7 of 7 people found the following review helpful:
5.0 out of 5 stars
A thoughtful historical novel set during Hitler's rise to power., Feb 19 2010
By Rebecca Herman - Published on Amazon.com
This review is from: Ashes (Hardcover)
Thirteen-year-old Gabriella Schramm lives a comfortable and happy life with her middle class family in Berlin, Germany in 1932. Her father is a scientist who studies and teaches physics at the university. Because of his work, Albert Einstein is a friend of the family. Gaby enjoys reading books, going on after school outings to the zoo and the movies with her best friend, Rosa, and spending summers at her family's vacation home by the lake. Her biggest worry up until now has been the teacher who confiscates the books he catches Gaby reading during class. But all that is about to change, as Adolf Hitler grows in popularity and power.
First, Hitler's private army, in their brown uniforms, begins to fill the streets of Berlin. Then the persecution of Jews and communists begins. Intellectuals and scientists like Gaby's father are a target, too, for teaching un-German ideas and for not supporting the Nazis. Gaby is increasingly worried that her older sister Ulla's boyfriend may be a Nazi. And even the books Gaby enjoys escaping into in these troubled times are becoming a target. As her entire world changes and seems to crumble around her, Gaby must come to terms with all that she has lost.
Ashes is a fascinating and often troubling look at life in Germany during Hitler's rise to power. Gaby was a very likeable heroine. I especially enjoyed that she loved reading and that books were her escape into another world, which reminded me of myself at her age. If you enjoy historical fiction and are interested in this time period then I highly recommend you read this book, and I also think it would make good supplemental reading for preteens and young teens learning about this era of history in school.

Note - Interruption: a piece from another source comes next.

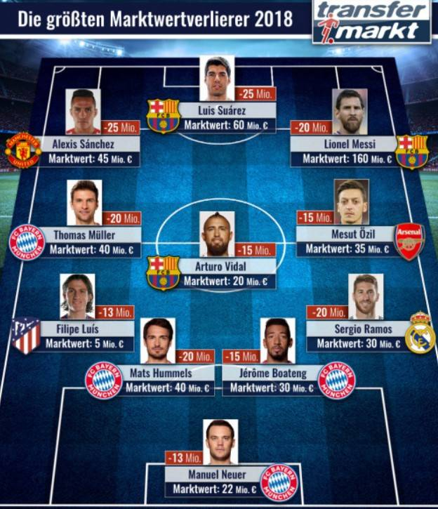 2018年度正式结束,那么在过去一年里,哪些球员的身价下降幅度最大呢?德国《转会市场》评出了一套2018年球员身价下跌幅度最大11人阵。

5 of 6 people found the following review helpful:
5.0 out of 5 stars
Breath-taking!, Jan 22 2011
By Aubrey Lively "aubrey" - Published on Amazon.com
This review is from: Ashes (Hardcover)
I enjoy historical fiction, but it almost seems unfair to classify this book: it rises above genre. It's a coming-of-age story, & it's a human story. Post-WWI Germany is just its tumultuous setting, although "just" is hardly an appropriate adjective. When we define something as a "setting," there seems to be the implication that it's distinctly less relevant than plot or characterization. But of course, none of us can really separate the setting of our lives from the plot, & it is often as much our setting as anything that gives us character, makes us who we are. Lasky writes as if she understands this deeply.
Ashes is as fun to read as mind-candy & perhaps it is that that makes its beauty all the more stunning. Several times, I had to stop reading--just to breathe. It's not a breathless adventure novel; it's just that its...authenticity...takes you that much by surprise. In retrospect, I don't think I've ever read a truer book, on either side of the library.
If you've ever read anything else by Kathryn Lasky, assume nothing about this novel. I read The Night Journey to the kids the week before I read Ashes. Thirty years have passed between the publication of the two books, & it shows. Lasky's skill has developed so incredibly in those intervening years that she is almost unrecognizable from one book to another. Ashes reads as if it were a story she'd been wanting to tell her whole life & finally, she's pulled together the words & the images, & the result is a masterpiece, a life's work.
2 of 2 people found the following review helpful:
3.0 out of 5 stars
Just ok, Dec 18 2010
By avid read 2010 - Published on Amazon.com
This review is from: Ashes (Hardcover)
I have read a lot of Holocaust books and I read about 100 adolescent lit books a year. This one was ok but it took too long to get into, in my opinion, and left the reader wondering what happens at the most crucial part (not a bad thing, but not my taste). It was an ok read, but I'm also glad I checked it out at the library and didn't purchase it.
My 7th and 8th grade students LOVE other books by this author, though.